В светло-серых, почти голубых глазах Тукая вспыхнули и тут же погасли маленькие угольки.

— Сергеич, ты знаешь, я везде за тобой. Как ты скажешь, так и будет. Скажешь — пойду и в президенты, а скажешь другое — пойду и в Совет Федерации досиживать.

— Не худшее место, чтоб досиживать, — вкрадчиво заметил Петров. — Я бы сам не отказался.

— Придет время, не откажешься, — объявил президент. — А пока о сменщике. Страна у нас большая и, увы, бестолковая. Стране нужна рука. Рука сильная, которая не даст пойти вразнос и всей этой пене либеральной повсплывать опять, а раз сильная, — значит, и молодая. Среди нас такого человека нет. Коля, ты только молчи! Я тут поразмыслил на досуге, перебрал варианты. Вариантов немного. Уж больно все зачистили за последние годы, перестарались малость. Лидеров не видно, одни лизуны. В общем, так. — Президент встал и обвел взглядом присутствующих. Те торопливо поднялись со своих кресел. — На должность будем выдвигать Жамбаева. — Президент с усмешкой поднес палец к губам. — Тихо! Сейчас ничего не говорим. С мыслью надо вам всем переспать, а завтра обсудим детали. В десять жду в кабинете.

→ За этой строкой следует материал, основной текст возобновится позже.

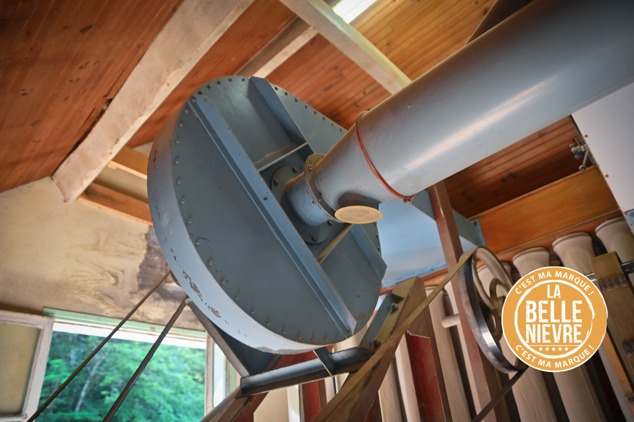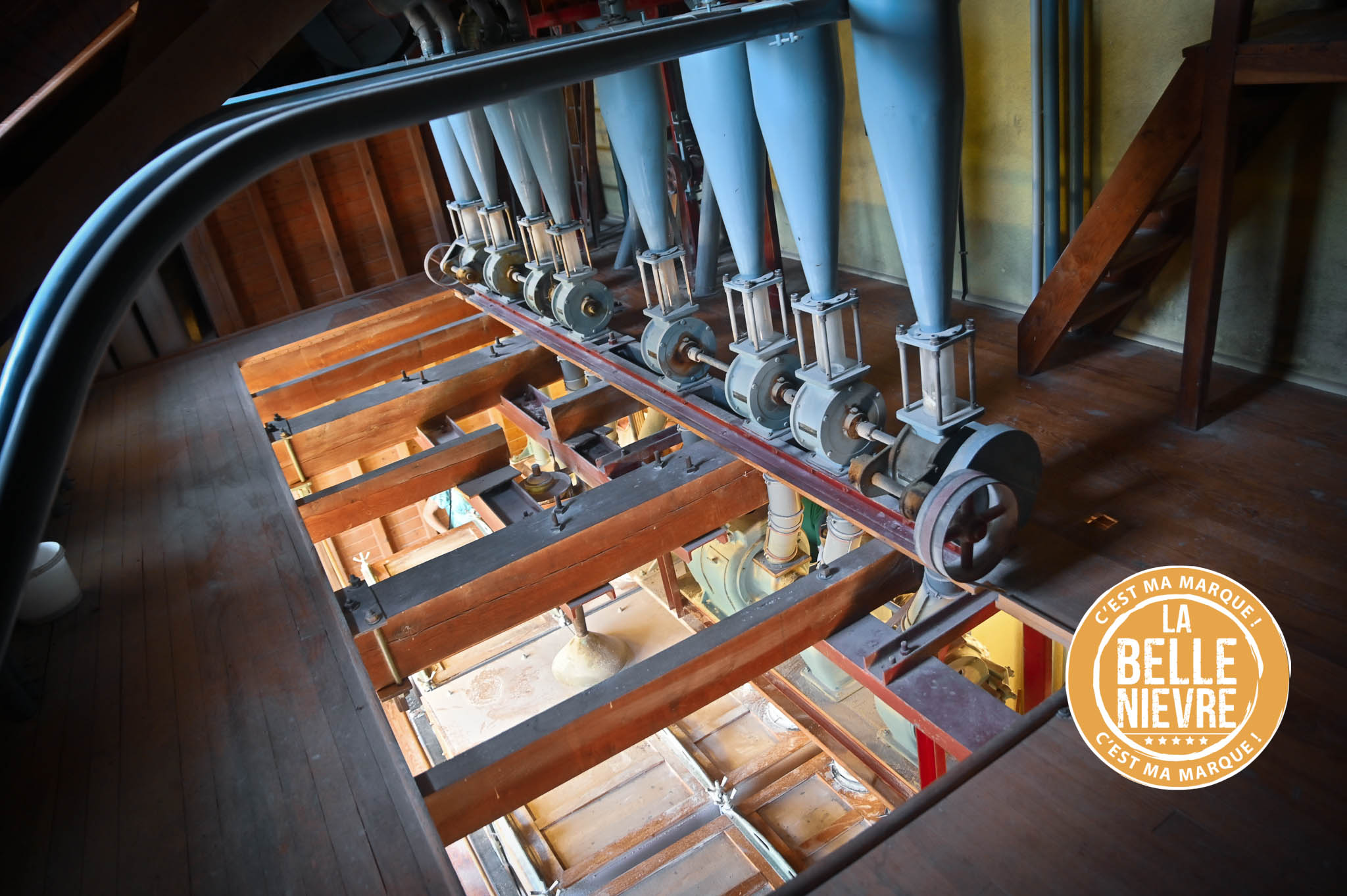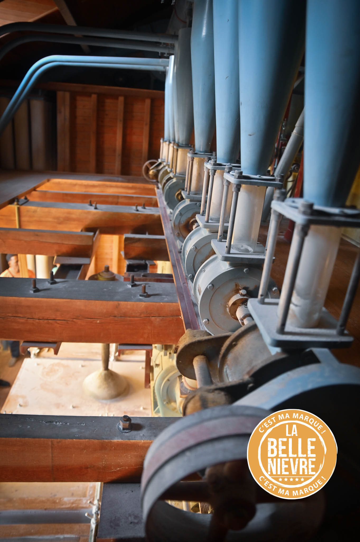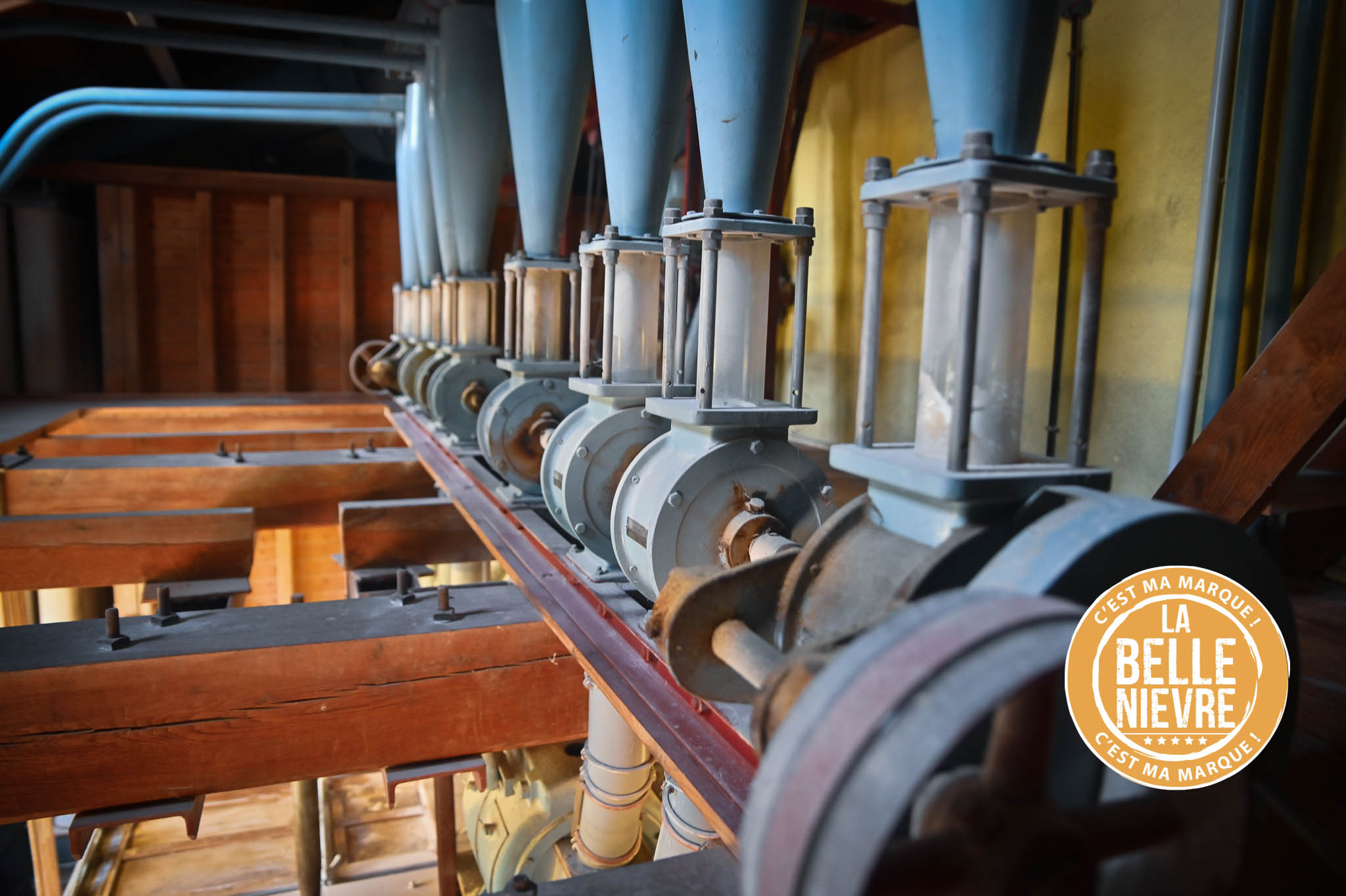 Sylvain Marceau reprend la main et commence la visite. À peine entré dans le moulin, l’odeur prégnante de la farine, plutôt agréable, se glisse dans les moindres interstices, au sens propre comme au sens figuré. La poussière de farine est omniprésente ; quoi que l’on touche, nous voilà recouverts de minuscules particules. Un système complexe d’aspiration, de tuyaux en tout genre et de machines occupe tout l’espace.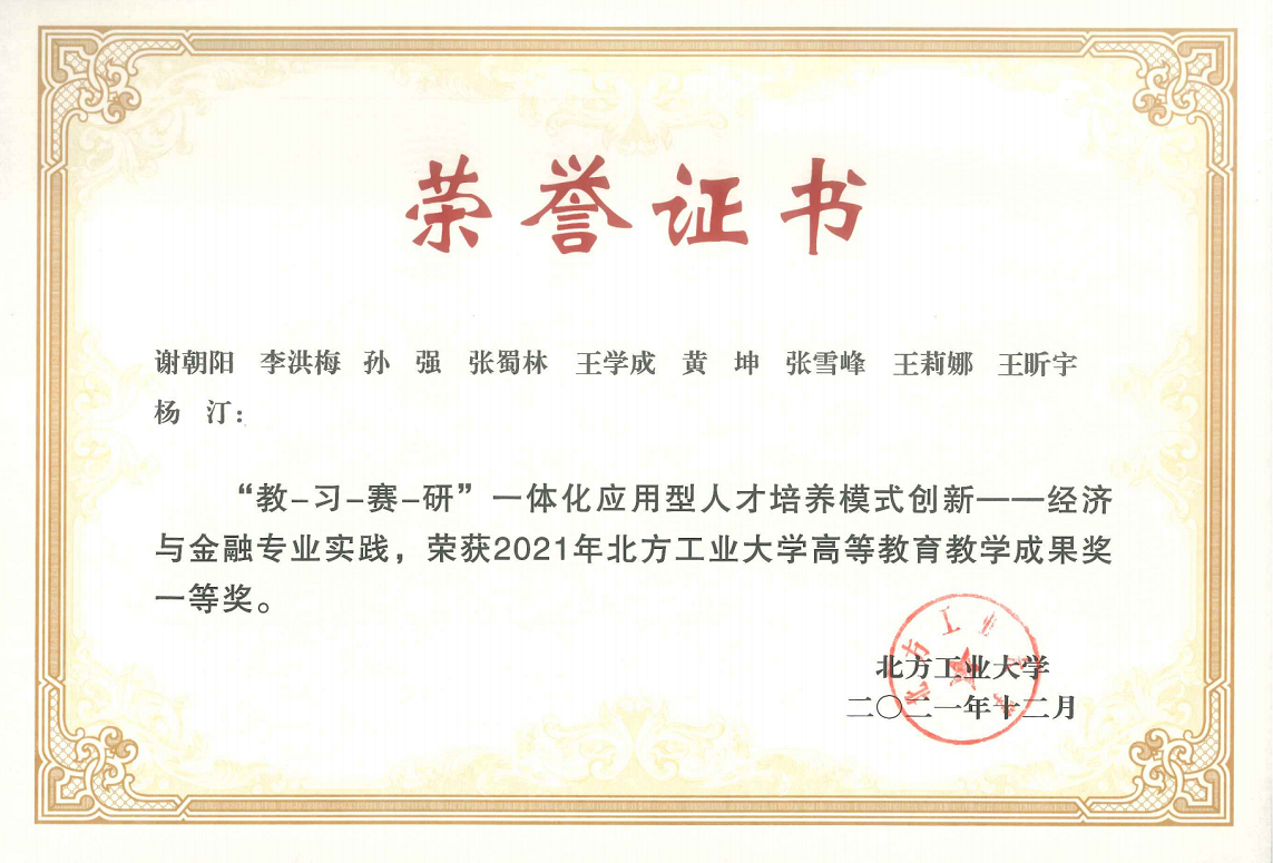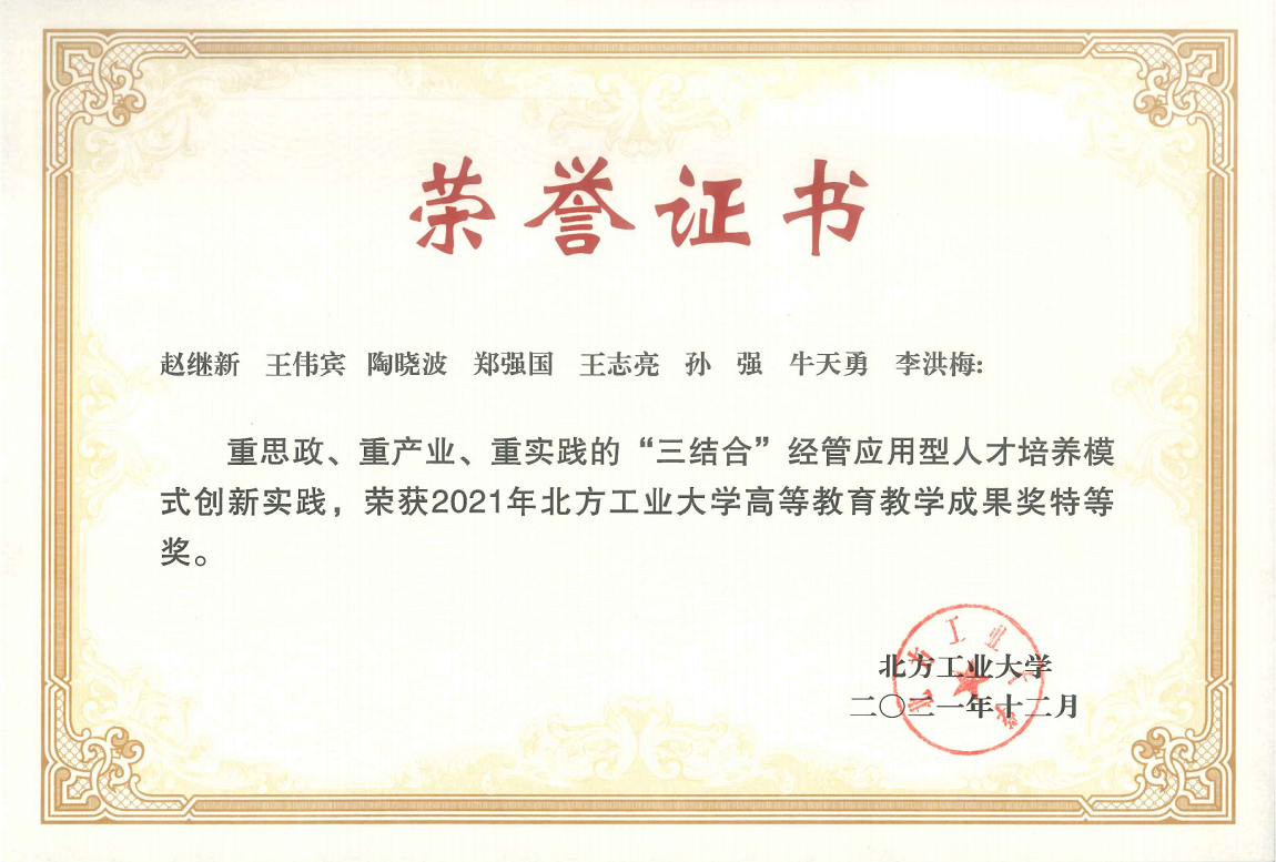 北方工业大学教学成果一等奖 |

Президент быстро вышел из павильона, и стеклянные двери бесшумно закрылись за ним. Тукай молча опустился в кресло и закрыл лицо руками. Петров и Оленин продолжали стоять, глядя вслед удаляющейся фигуре сквозь панорамное остекление павильона.

— Мать вашу, ну как так?! — выдохнул Рудин и, опустошив до дна свой бокал с виски, вновь потянулся к бутылке.

Имя Жамбаева было всем присутствующим хорошо знакомо. Слишком хорошо. Так же, как был известен его жесткий характер и неприятие любых авторитетов, кроме действующего президента. Быть может, именно поэтому решение собравшего их человека настолько ошеломило всех в зале, что они, посидев еще некоторое время молча, так же молча разошлись по приготовленным для них гостевым апартаментам.

Кремль, два месяца спустя. Сорок семь недель до Нового года

— Ну, что скажешь? — Подгорный поставил на стол поднос с бутербродами и соком, добытыми после десятиминутного стояния в очереди делегатов партийного съезда.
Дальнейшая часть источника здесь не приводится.